My dad and brother built a kitchen table big enough for everyone to sit at and have our meals. It was something like ten feet long with chairs on the ends and one side, the other side that was against the wall they built a bench. There were twelve of us who sat around it. With my dad, there was no taking your plate and eating anywhere except the table as a family. I sat at the end of the bench close to dad. He was at the head of the table by the backdoor. Dad was one who made you eat what was on your plate, and like it or not you had to have some of everything that was served. I could not hide what I did not like. The kids on the other end of the bench could get away with it.

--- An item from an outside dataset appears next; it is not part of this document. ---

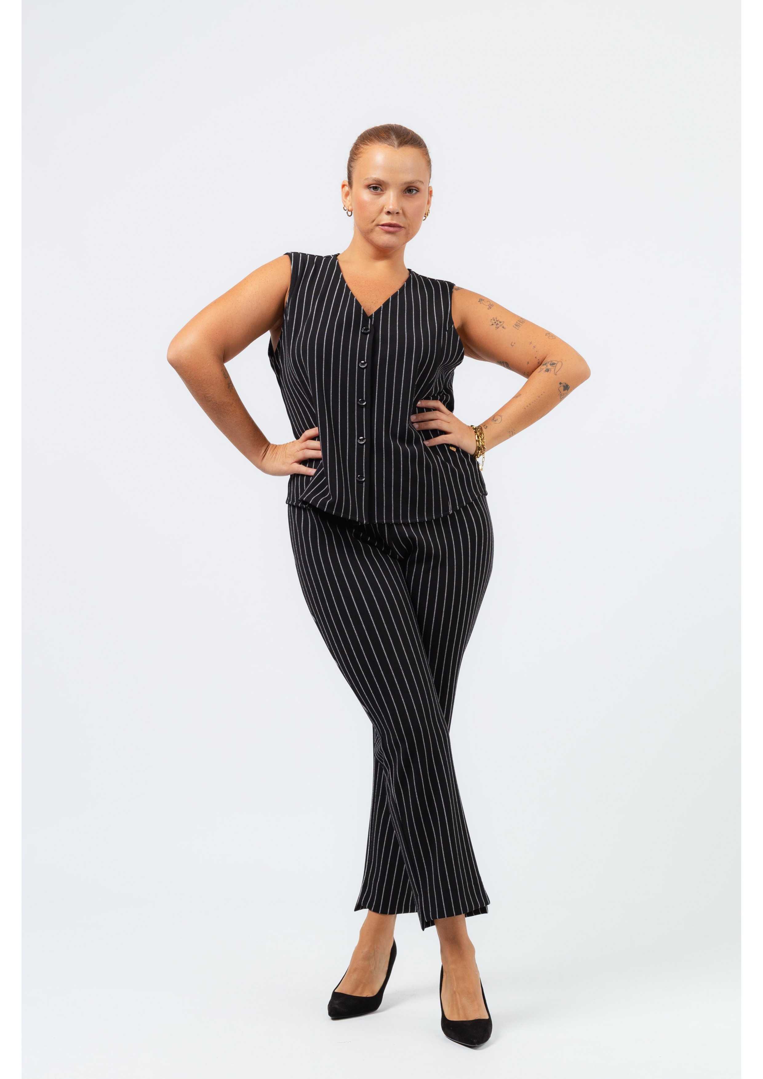 Conjunto, calça e colete, malha risca,

I did not like to eat my dad, he would take his false teeth out at the dinner table and clean them. This always turned my stomach. I loved my dad but he could do some gross things and see nothing wrong with it. He could also be very embarrassing. I am glad this did not happen to me, it was the sister two years younger. She needed her monthly items and she went to one of the small country stores with dad and he yells to the owner "where do you keep the manhole covers"? My sister said she ran out of the store and dad came out carrying a box of Kotex.

My step mom's daughter was married to my oldest brother so the grandkids were her grandkids and she would hide food from us, like bananas, or candy, pies, and such. We would come in and see the grandkids eating and want some, she would tell us no and send us back outside. I was not getting along with her and started spending more and more time at the neighbors.

I was sixteen and did not like it at home, I guess like most kids that age, I did not like having a curfew and when I would be in the front yard talking with my boyfriend my stepmom would yell for me to come in and if I did not do it she would stand at the door flipping the light switch on and off until I came in.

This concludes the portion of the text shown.